§ Dataset section
# # # # #
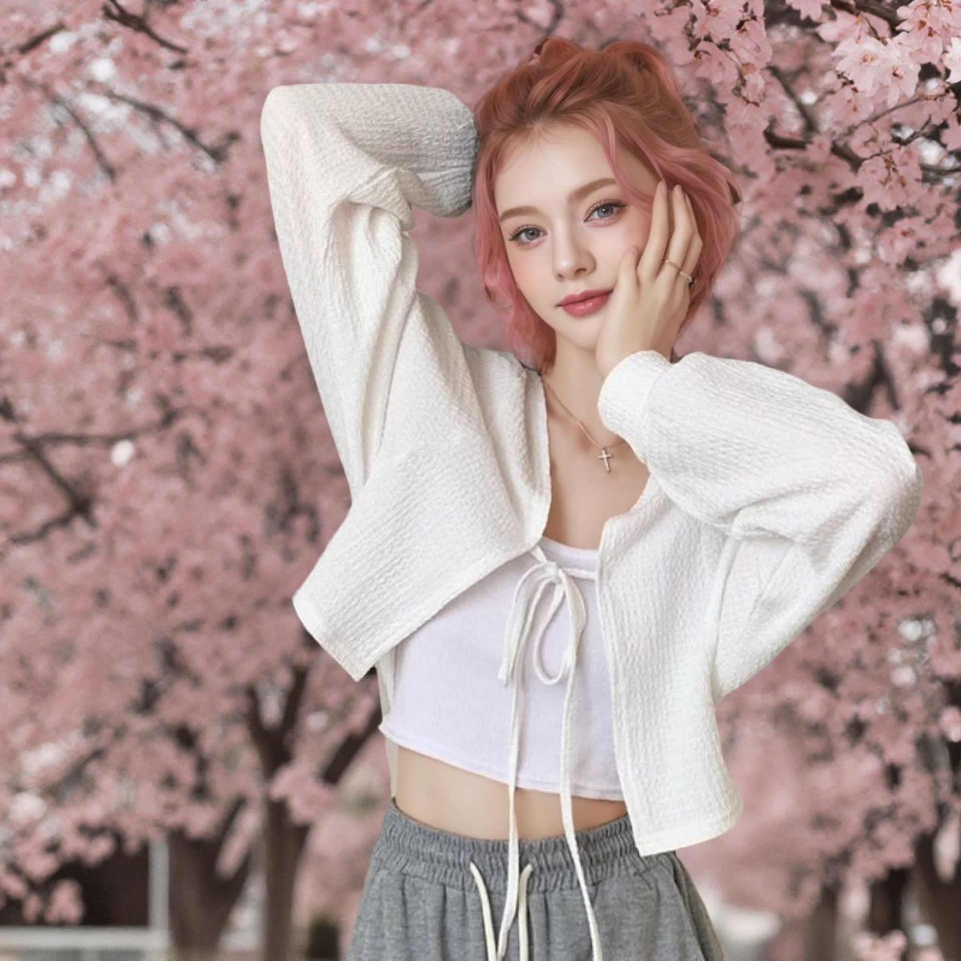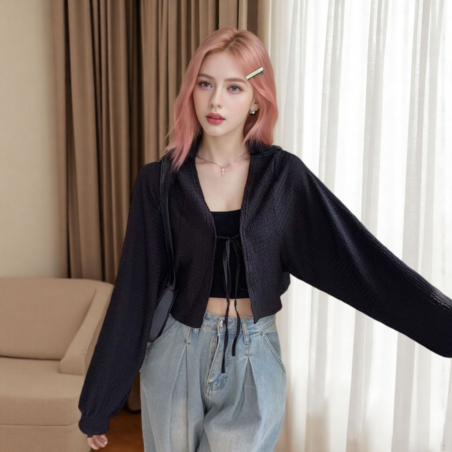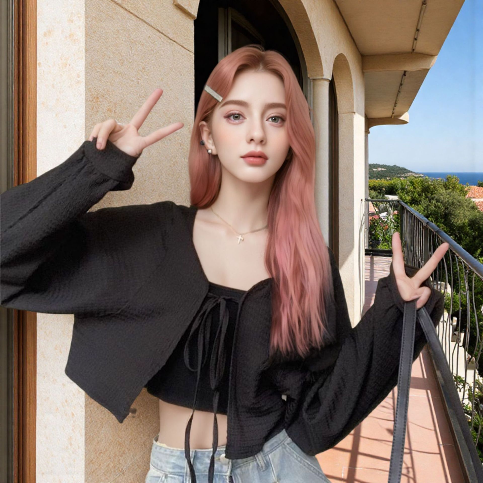 Трансграничная весна и лето 2024 дикие ремешки с длинными рукавами рукава фонарь короткий новый тонкий кардиган короткий куртка солнцезащитный топ женский
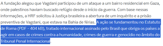 SE12909 - (Siga Escrevente. 2025. Inéditas) A atuação da Fundação Hind Rajab (HRF) teve repercussão internacional ao provocar a abertura de uma investigação no Brasil contra um reservista israelense que esteve em território brasileiro. A medida judicial brasileira atendeu a um pedido protocolado pela HRF, que alegou envolvimento do suspeito em ações militares na Faixa de Gaza.
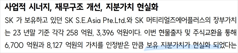 SK는 최근 SK에코플랜트의 유상증자와 SK머티리얼즈에어플러스의 주식교환을 통해 재무 구조를 개선하고 사업적 시너지를 기대할 수 있게 되었음. (개인주주는 똥이지만) 2023년 말 기준 SK는 SK에코플랜트 지분율을 41.8%에서 61.7%로 높였고, 이는 SK에코플랜트의 재무 안정성을 높이는 데 기여했음. 또한, SK S.E.Asia Pte.Ltd.와 SK머티리얼즈에어플러스의 지분가치 현실화를 통해 SK의 보유 자산 가치를 증대시켰음.
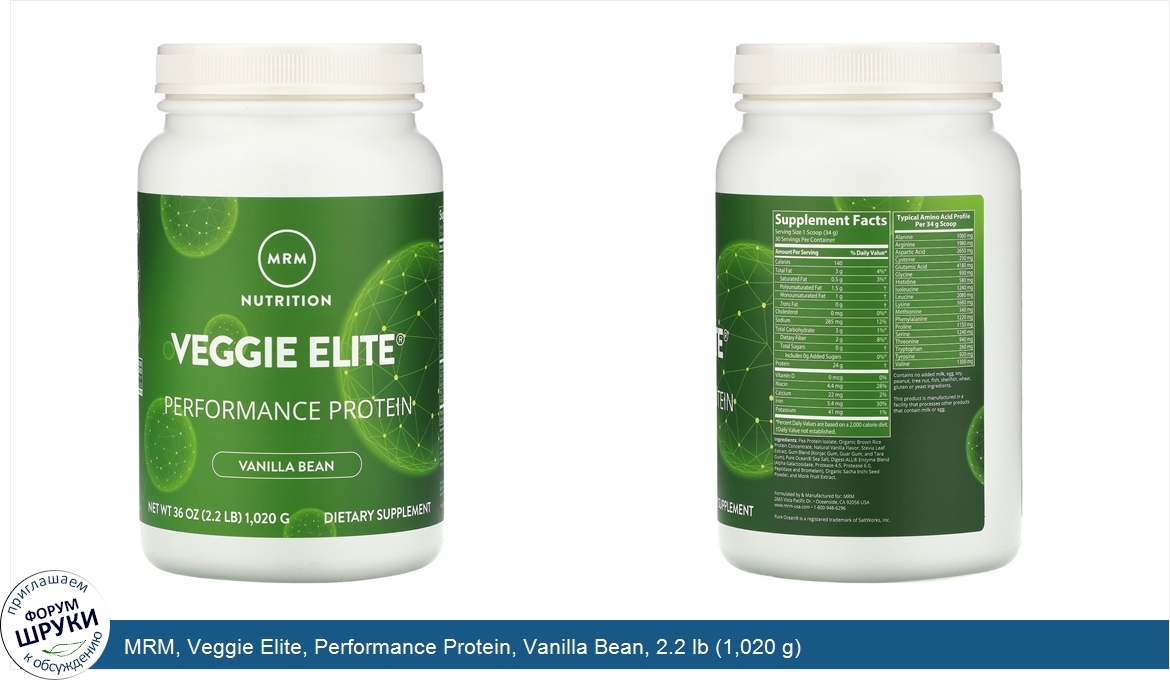 Друзья, если у вас есть отзыв/дополнение/комментарий/вопрос относительно MRM, Veggie Elite, Performance Protein, Vanilla Bean, 2.2 lb (1,020 g) - напишите его ответом в эту тему (это будет полезно всему сообществу в целом и вам в отдельности).
# # # # #
§ Task goal
The answer must be the full listing, exact in every line, with the pictures removed.

§ Response to this exercise
 Трансграничная весна и лето 2024 дикие ремешки с длинными рукавами рукава фонарь короткий новый тонкий кардиган короткий куртка солнцезащитный топ женский
 SE12909 - (Siga Escrevente. 2025. Inéditas) A atuação da Fundação Hind Rajab (HRF) teve repercussão internacional ao provocar a abertura de uma investigação no Brasil contra um reservista israelense que esteve em território brasileiro. A medida judicial brasileira atendeu a um pedido protocolado pela HRF, que alegou envolvimento do suspeito em ações militares na Faixa de Gaza.
 SK는 최근 SK에코플랜트의 유상증자와 SK머티리얼즈에어플러스의 주식교환을 통해 재무 구조를 개선하고 사업적 시너지를 기대할 수 있게 되었음. (개인주주는 똥이지만) 2023년 말 기준 SK는 SK에코플랜트 지분율을 41.8%에서 61.7%로 높였고, 이는 SK에코플랜트의 재무 안정성을 높이는 데 기여했음. 또한, SK S.E.Asia Pte.Ltd.와 SK머티리얼즈에어플러스의 지분가치 현실화를 통해 SK의 보유 자산 가치를 증대시켰음.
 Друзья, если у вас есть отзыв/дополнение/комментарий/вопрос относительно MRM, Veggie Elite, Performance Protein, Vanilla Bean, 2.2 lb (1,020 g) - напишите его ответом в эту тему (это будет полезно всему сообществу в целом и вам в отдельности).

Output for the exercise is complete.